We would like to thank you again for your detailed review. Below, we answer your questions and address your concerns.

To weakness (1)

“how are the test-views selected?”

PH-Dropout does not select test-views. This is because, the camera/test-view selection, it works with arbitrary views, where we use the random selected test views as per base methods for the convenience of the result reproduction.

“Is there an assumption on the distribution of the cameras?”

PH-Dropout does not need an assumption of the selection of test views.

“ If you select your camera far enough from the training ddistribution, the dropout rate would drop to zero , as the error from that view would be high anyway?”

PH-Dropout does not encounter this issue because the dropout rate is independent of the camera’s position. The dropout rate is calculated using Algorithm 1. Specifically, as outlined in lines 4–6 of Algorithm 1, the dropout rate is determined by applying dropout to the train views, using the highest rate that does not affect rendering performance on these views. Empirically, the dropout rate is not negligible, typically ranging from 10% to 30%, and varies depending on the base method.

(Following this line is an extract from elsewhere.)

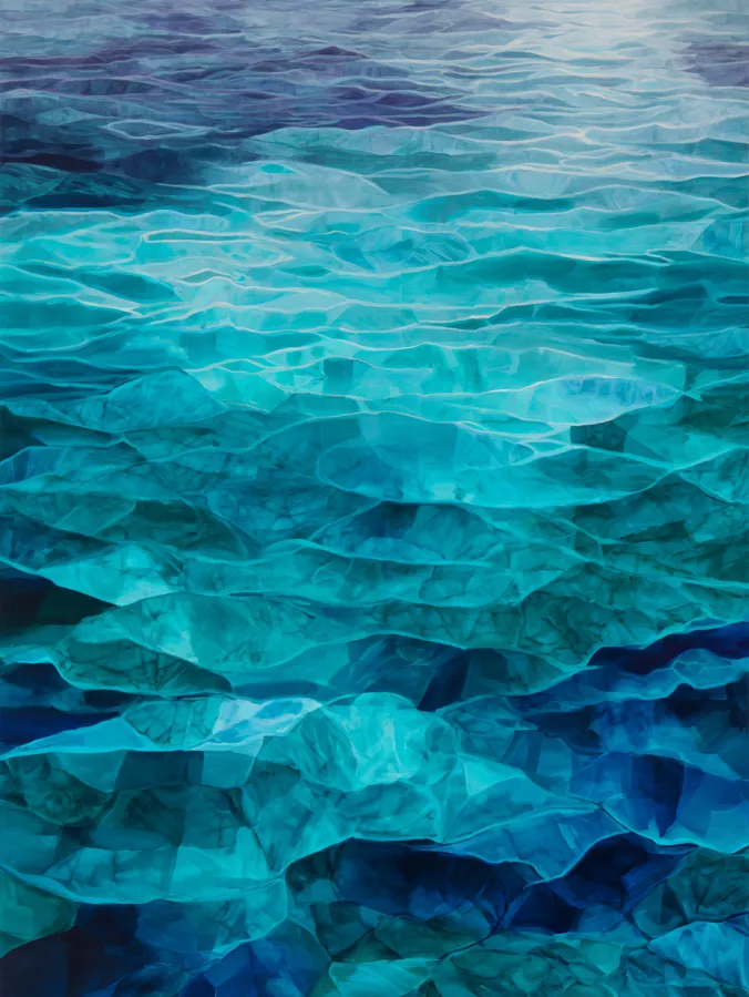 This acrylic painting captures the mesmerizing texture of layered ocean water viewed from above. Soft waves ripple across the canvas in glowing shades of turquoise, aqua, and deep sea blue. Lighter highlights trace along the tops of the waves, giving the surface a luminous effect that feels almost glassy. The brush strokes are fluid and layered, creating gentle movement as the water shifts from lighter tones near the top to deeper blues below. The composition feels calm yet dynamic, with the entire canvas filled by overlapping water patterns that mimic the rhythm of the sea.

This dropout rate computation process is applied consistently to all tested views. Consequently, even for distant views, the dropout rate remains significant, albeit with much higher variance (in contrast, there should be near-zero variance for train views). This results in greater uncertainty for far-away test views.

评论

To weakness (2)

In fact, PH-Dropout is more robust than a spatial method. The primary reason is “uncertainty in depth” is just one of the factors that influences the Model (Epistemic) Uncertainty.

For instance, in addition to spatial blockage, model structure could also affect model uncertainty. To further explain this, we could consider the Spatial Uncertainty (e.g., Bayes Ray) which cannot explain the fact that 3DGS and NeRF give distinct rendering even trained on the same views. However, our method can show the uncertainty caused by the model structure in Figure 7, page 10.

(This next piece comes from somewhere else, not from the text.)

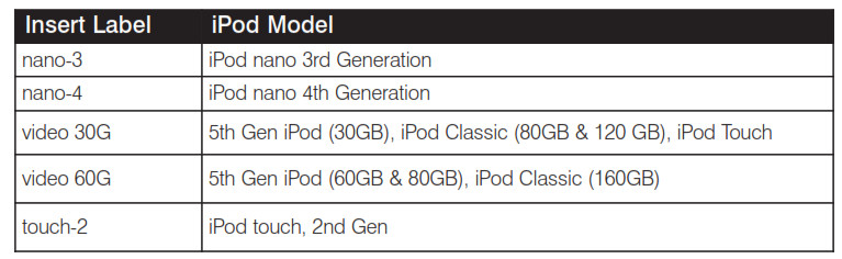 Select the correct insert for your particular iPod model from the chart below:

Empirically, even on depth uncertainty estimation, overall our method achieves the same level of accuracy as Table 1 shows.

“unless queried densly from many test views”

We focus on the rendered image error because it is the final output of the model.

To weakness (3)

“The authors claim this method is not architecture-dependant”

PH-Dropout does not claim to be “architecture-independent” or “model-agnostic,” as none of these terms or related keywords appear in the draft. Instead, we emphasize that PH-Dropout demonstrates stronger generalization capabilities than prior methods. This is evidenced by its competitive and often superior performance in both NeRF and Gauss Splatting scenarios compared to their respective state-of-the-art methods.

“ My confusion comes from the fact that some of these representations have more geometric meaning (like voxel or K-Planes or 3DGS)”

We apologize for any confusion our draft may have caused and would like to clarify this in more detail:

For voxel-based methods, InstantNGP or NeRFacto are the representative approaches, encoding the space as voxels. Our method achieves state-of-the-art (SOTA) performance in this category (Page 10, Table 1).

K-plane-based methods differ from NeRFacto by encoding space into a few 2D planes instead of 3D voxels. Our approach can also be applied to the neural network component of K-plane, as demonstrated with NeRFacto. Due to time constraints, we could not provide quantitative results, and we plan to incorporate K-plane into the revised version.

To weakness (4)

Given the limitations of GPU resources available to us, we have made our best effort to include as many datasets as possible in our experiments. Nevertheless, the datasets we included are still comparable to those leading papers published in related fields, such as NeRF 11 , FreeNeRF 22 , and 3DGS 33 cited in our paper.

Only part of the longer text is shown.